In the copy of these records, include no pictures and change nothing else.

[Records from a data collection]
· · · · · · ·

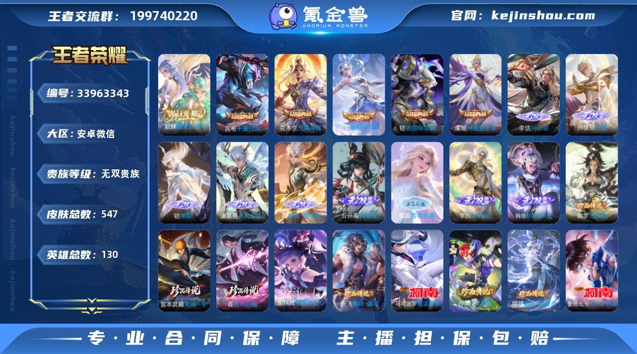 【无双贵族2026.5.20 10点到期】【金标韩信】【马年限定全套 蛇年限定全套】实名: 可修改 贵族等级: 无双贵族 英雄数: 130 皮肤数: 547 荣耀水晶: 武则天,九霄神辉,银白咏叹调,神鉴启示录,最初的交响,千魇归渊 无双皮: 碎月剑心,韩信群星魔术团,离恨烟,雪境奇遇-甄姬,器灵·螭龙剑,天机白泽,神罪,无相,问心剑 珍品传说: 江户川柯南,怪盗基德,时之奇旅-孙策,器灵·落星盏,兔狲·蓬尾,酷洛米之心,朽木白哉,黑崎一护,沧流箭 星传说: 幻海之心,未来机甲,幽冥之眼,太华·红枫,岁雨灵司,幻舞叠翠,破晓神光 传说皮: 黄金狮子座,黄金射手座,冠军飞将,云鹰飞将,黄金白羊座,猫影幻舞,久胜战神,炽阳神光,一念神魔,云霓雀翎,末日机甲-孙尚香,地狱火,仲夏夜之梦,音你心动-小乔,海洋之心,地狱之眼,飞鸢探春,音你心动-周瑜,胖达荣荣,乞巧织情,时之恋人-刘备,淬星耀世,挚爱花嫁,无双飞将,音你闪耀,碎云,山海·炽霜斩,山海·琳琅生,炽翼辉光,画中仙,浮生妄,鹤羽星尊,灼幽烈阳,妄想实况,惊梅引,鲁班七号-时之奇旅,夜礼服假面,霜月吟,澜逐花归海,艾琳觅芳踪,琥珀纪元铠,琥珀纪元马超,乘龙·问璇玑,乘龙·铭钟鼎,乘龙·淬吴钩,典韦战鼓燎原,落雪白狼,金乌负日,云中君群星魔术团,玄雷天君,幻光神枪,祥瑞亨通,...
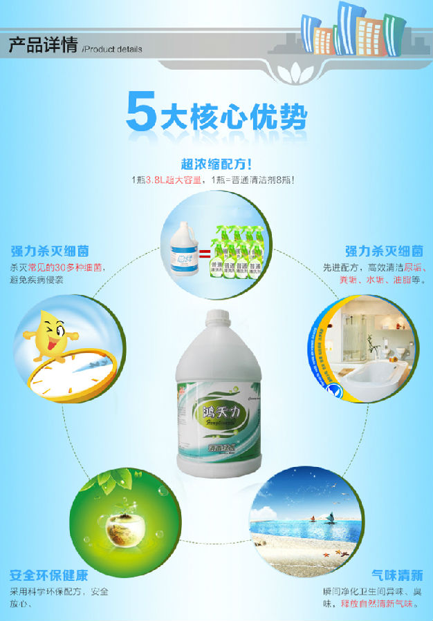 清潔、消毒、殺菌三合一全能消毒劑于酒店、超市、學(xué)校、醫(yī)院、等公共場所的衛(wèi)生保潔、用于地毯發(fā)霉時(shí)、加到清洗地毯水中。
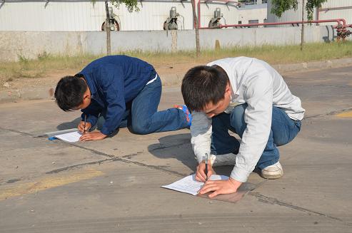 參賽員工按班分為四組,每組4人進行接力賽跑。這并不是普通的接力賽跑,其中還包括知識競答。
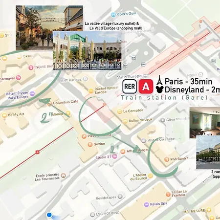 Il y a les Princess Pavilion à environ 3 km de l'appartement. L'hébergement est niché à côté du Centre Commercial Val d'Europe.
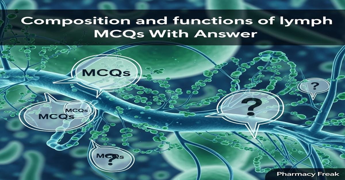 Composition and functions of lymph MCQs With Answer is a focused study guide tailored for B. Pharm students exploring the lymphatic system’s biochemical makeup and physiological roles. This introduction covers lymph composition—cells (lymphocytes, macrophages), proteins, lipids (chyle), electrolytes—and core functions such as immune surveillance, transport of dietary lipids, fluid homeostasis, and drug/antigen trafficking. Emphasis is placed on clinical and pharmaceutical relevance: lymph formation, thoracic duct anatomy, lymph node filtering, and implications for lymphatic drug delivery and vaccines. Clear, concise terminology and targeted keywords help reinforce learning and exam preparation. Now let’s test your knowledge with 50 MCQs on this topic.
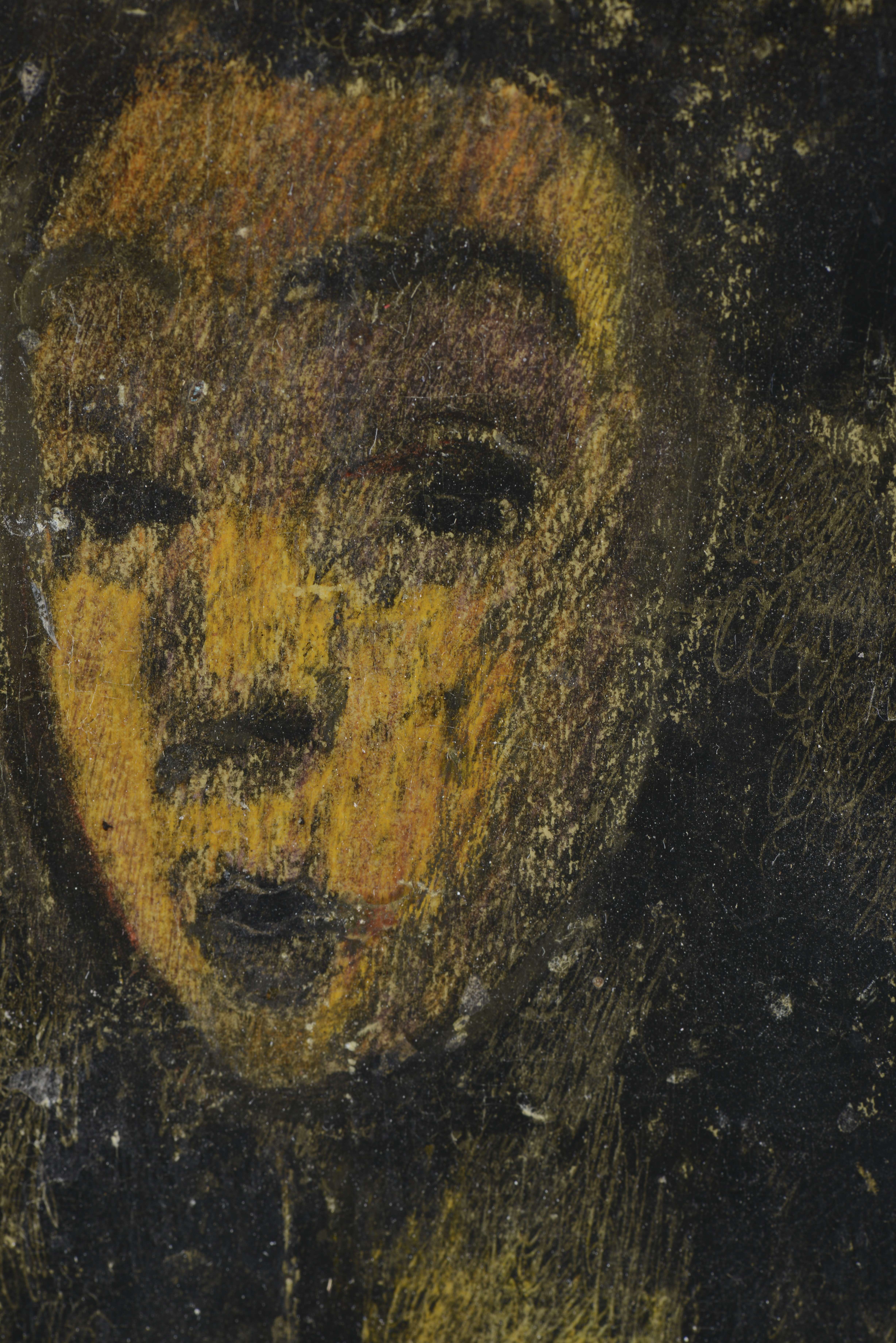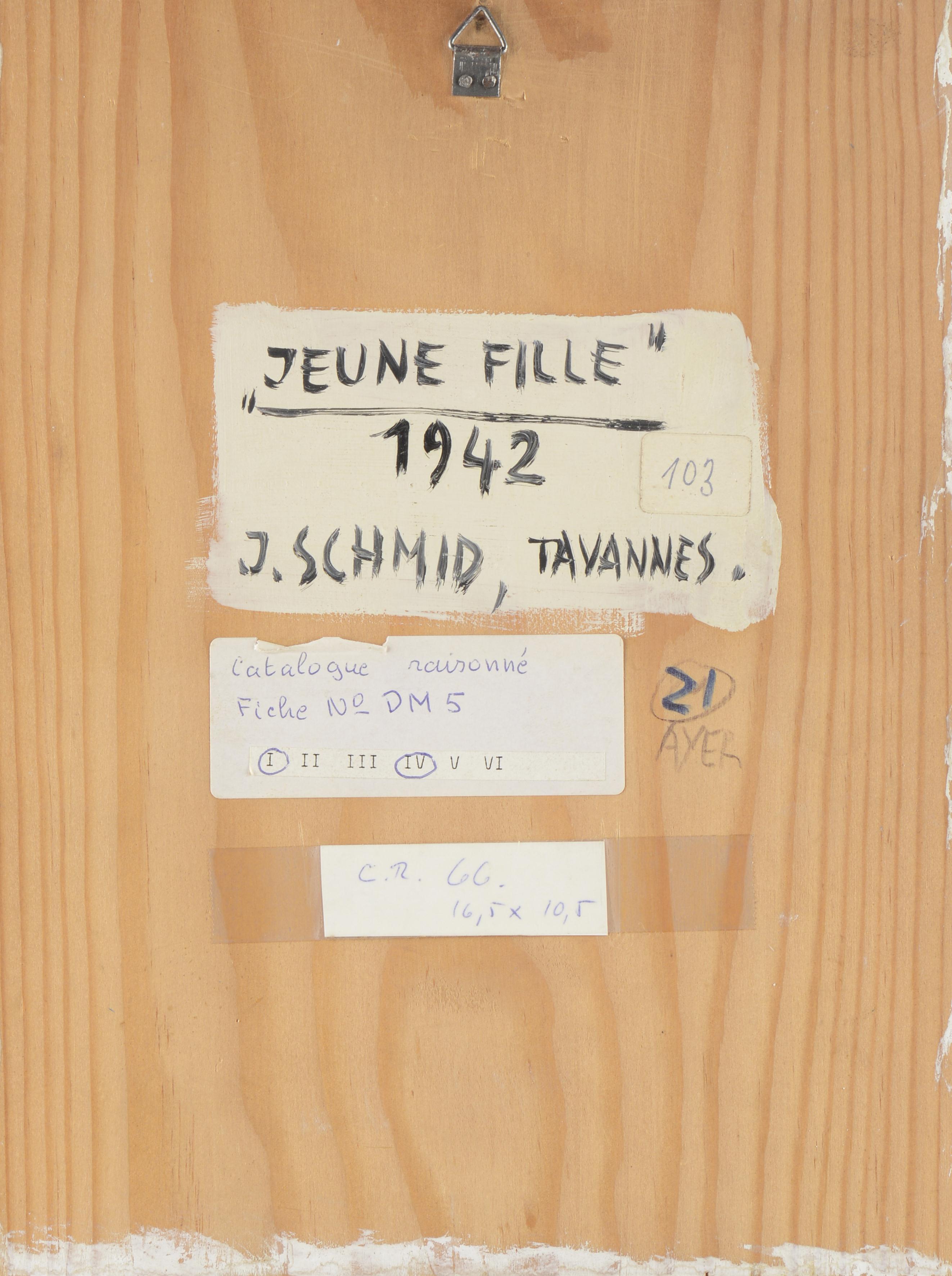 "Composition" (4), crayon gomme laqué sur papier marouflé et collé sur une plaque de bois aggloméré, titré, daté 1942 et signé Lermite - Schmid J. Au dos

· · · · · · ·

Answer space:
 【无双贵族2026.5.20 10点到期】【金标韩信】【马年限定全套 蛇年限定全套】实名: 可修改 贵族等级: 无双贵族 英雄数: 130 皮肤数: 547 荣耀水晶: 武则天,九霄神辉,银白咏叹调,神鉴启示录,最初的交响,千魇归渊 无双皮: 碎月剑心,韩信群星魔术团,离恨烟,雪境奇遇-甄姬,器灵·螭龙剑,天机白泽,神罪,无相,问心剑 珍品传说: 江户川柯南,怪盗基德,时之奇旅-孙策,器灵·落星盏,兔狲·蓬尾,酷洛米之心,朽木白哉,黑崎一护,沧流箭 星传说: 幻海之心,未来机甲,幽冥之眼,太华·红枫,岁雨灵司,幻舞叠翠,破晓神光 传说皮: 黄金狮子座,黄金射手座,冠军飞将,云鹰飞将,黄金白羊座,猫影幻舞,久胜战神,炽阳神光,一念神魔,云霓雀翎,末日机甲-孙尚香,地狱火,仲夏夜之梦,音你心动-小乔,海洋之心,地狱之眼,飞鸢探春,音你心动-周瑜,胖达荣荣,乞巧织情,时之恋人-刘备,淬星耀世,挚爱花嫁,无双飞将,音你闪耀,碎云,山海·炽霜斩,山海·琳琅生,炽翼辉光,画中仙,浮生妄,鹤羽星尊,灼幽烈阳,妄想实况,惊梅引,鲁班七号-时之奇旅,夜礼服假面,霜月吟,澜逐花归海,艾琳觅芳踪,琥珀纪元铠,琥珀纪元马超,乘龙·问璇玑,乘龙·铭钟鼎,乘龙·淬吴钩,典韦战鼓燎原,落雪白狼,金乌负日,云中君群星魔术团,玄雷天君,幻光神枪,祥瑞亨通,...
 清潔、消毒、殺菌三合一全能消毒劑于酒店、超市、學(xué)校、醫(yī)院、等公共場所的衛(wèi)生保潔、用于地毯發(fā)霉時(shí)、加到清洗地毯水中。
 參賽員工按班分為四組,每組4人進行接力賽跑。這并不是普通的接力賽跑,其中還包括知識競答。
 Il y a les Princess Pavilion à environ 3 km de l'appartement. L'hébergement est niché à côté du Centre Commercial Val d'Europe.
 Composition and functions of lymph MCQs With Answer is a focused study guide tailored for B. Pharm students exploring the lymphatic system’s biochemical makeup and physiological roles. This introduction covers lymph composition—cells (lymphocytes, macrophages), proteins, lipids (chyle), electrolytes—and core functions such as immune surveillance, transport of dietary lipids, fluid homeostasis, and drug/antigen trafficking. Emphasis is placed on clinical and pharmaceutical relevance: lymph formation, thoracic duct anatomy, lymph node filtering, and implications for lymphatic drug delivery and vaccines. Clear, concise terminology and targeted keywords help reinforce learning and exam preparation. Now let’s test your knowledge with 50 MCQs on this topic.
 "Composition" (4), crayon gomme laqué sur papier marouflé et collé sur une plaque de bois aggloméré, titré, daté 1942 et signé Lermite - Schmid J. Au dos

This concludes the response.